In this case, specific influences represents collisions between turtle decisions. We define a class TurmiteInteraction
that explicitly represent possible collisions for each location.
class TurmiteInteraction:
def __init__(self):
self.dropMarks = LinkedHashSet()
self.removeMarks = LinkedHashSet()
self.changeDirections = LinkedHashSet()
def isColliding(self):
return self.removeMarks.size() > 1 or self.dropMarks.size() > 1
Then, it is easy to implement the reaction model whether the influences are colliding or not. To do so we redefine the makeRegularReaction
method.
class MultiTurmiteReactionModel(LogoDefaultReactionModel):
def __init__(self,parameters):
self.parameters = parameters
def makeRegularReaction(
self,
transitoryTimeMin,
transitoryTimeMax,
consistentState,
regularInfluencesOftransitoryStateDynamics,
remainingInfluences
):
nonSpecificInfluences = LinkedHashSet()
collisions = {}
for influence in regularInfluencesOftransitoryStateDynamics:
if influence.category == DropMark.CATEGORY:
if not influence.mark.location in collisions:
collisions[influence.mark.location] = TurmiteInteraction()
collisions[influence.mark.location].dropMarks.add(influence)
elif influence.category == RemoveMark.CATEGORY:
if not influence.mark.location in collisions:
collisions[influence.mark.location] = TurmiteInteraction()
collisions[influence.mark.location].removeMarks.add(influence)
elif influence.category == ChangeDirection.CATEGORY:
if not influence.target.location in collisions:
collisions[influence.target.location] = TurmiteInteraction()
collisions[influence.target.location].changeDirections.add(influence)
else:
nonSpecificInfluences.add(influence)
for collision in collisions.values():
if collision.isColliding():
if not collision.dropMarks.isEmpty() and not self.parameters.inverseMarkUpdate:
nonSpecificInfluences.add(
collision.dropMarks.iterator().next()
)
if not collision.removeMarks.isEmpty() and not self.parameters.inverseMarkUpdate:
nonSpecificInfluences.add(
collision.removeMarks.iterator().next()
)
if not self.parameters.removeDirectionChange:
nonSpecificInfluences.addAll(collision.changeDirections)
else:
nonSpecificInfluences.addAll(collision.changeDirections)
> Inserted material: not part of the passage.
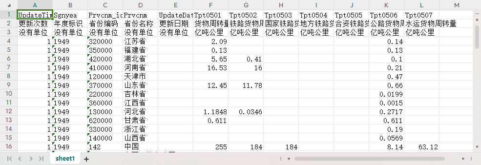 区域经济全国分省份货物周转量1949-2023货物周转量合计铁路货物周转量国家地方合资铁路货物周转量公路水运货物周转量
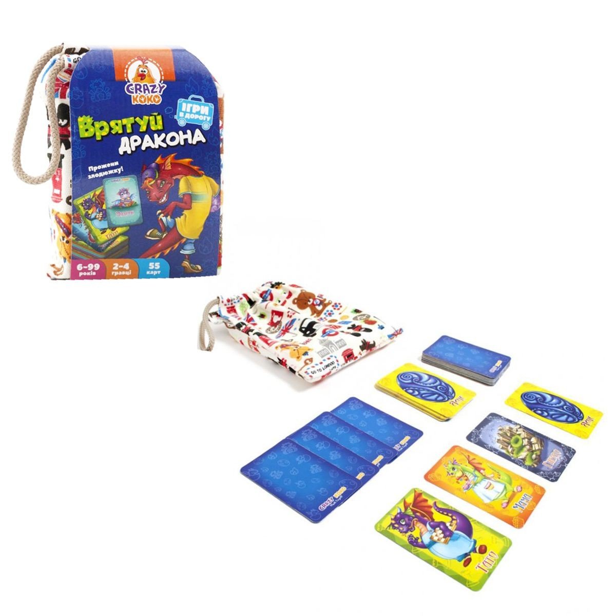 Захоплююча гра "Врятуй дракона" призначена для 2-4 гравців, віком від 6-ти років. Мета гри: керуючись правилами гри, першим зібрати 3 карти драконів-малюків. У комплекті: тканинний мішечок, 55 карток та інструкція. Розмір картки: 9 х 6 см. Колір і дизайн мішечка попадається рандомно.

if not collision.dropMarks.isEmpty():
nonSpecificInfluences.add(
collision.dropMarks.iterator().next()
)
if not collision.removeMarks.isEmpty():
nonSpecificInfluences.add(
collision.removeMarks.iterator().next()
)
super(MultiTurmiteReactionModel, self).makeRegularReaction(
transitoryTimeMin,
transitoryTimeMax,
consistentState,
nonSpecificInfluences,
remainingInfluences
)
The simulation model of this example is located in the class MultiTurmiteSimulationModel
.
Such as in the previous example, we have to redefine the function generateAgents
to specify the initial population of agents of the simulation. However, contrary to the previous examples, we have to redefine the function generateLevels
to specify the reaction model we use:
class MultiTurmiteSimulationModel(AbstractLogoSimulationModel):
def __init__(self, parameters):
super(MultiTurmiteSimulationModel, self).__init__(parameters)
def randomDirection(self):
rand = PRNG.randomDouble()
if rand < 0.25:
return LogoEnvPLS.NORTH
elif rand < 0.5:
return LogoEnvPLS.WEST
elif rand < 0.75:
return LogoEnvPLS.SOUTH
return LogoEnvPLS.EAST
def generateLevels(self, simulationParameters):
logo = ExtendedLevel(
simulationParameters.initialTime,
LogoSimulationLevelList.LOGO,
PeriodicTimeModel(
1,
0,
simulationParameters.initialTime
),
MultiTurmiteReactionModel(simulationParameters)
)
levelList = []
levelList.append(logo)
return levelList
runner = Similar2LogoWebRunner()
runner.config.setExportAgents(True)
runner.config.setExportMarks(True)
model = MultiTurmiteSimulationModel(MultiTurmiteSimulationParameters())
runner.initializeRunner(model)
runner.addProbe('Real time matcher', RealTimeMatcherProbe(20.0))
runner.showView()
Such as in the previous example, we want to observe the turtles and the marks.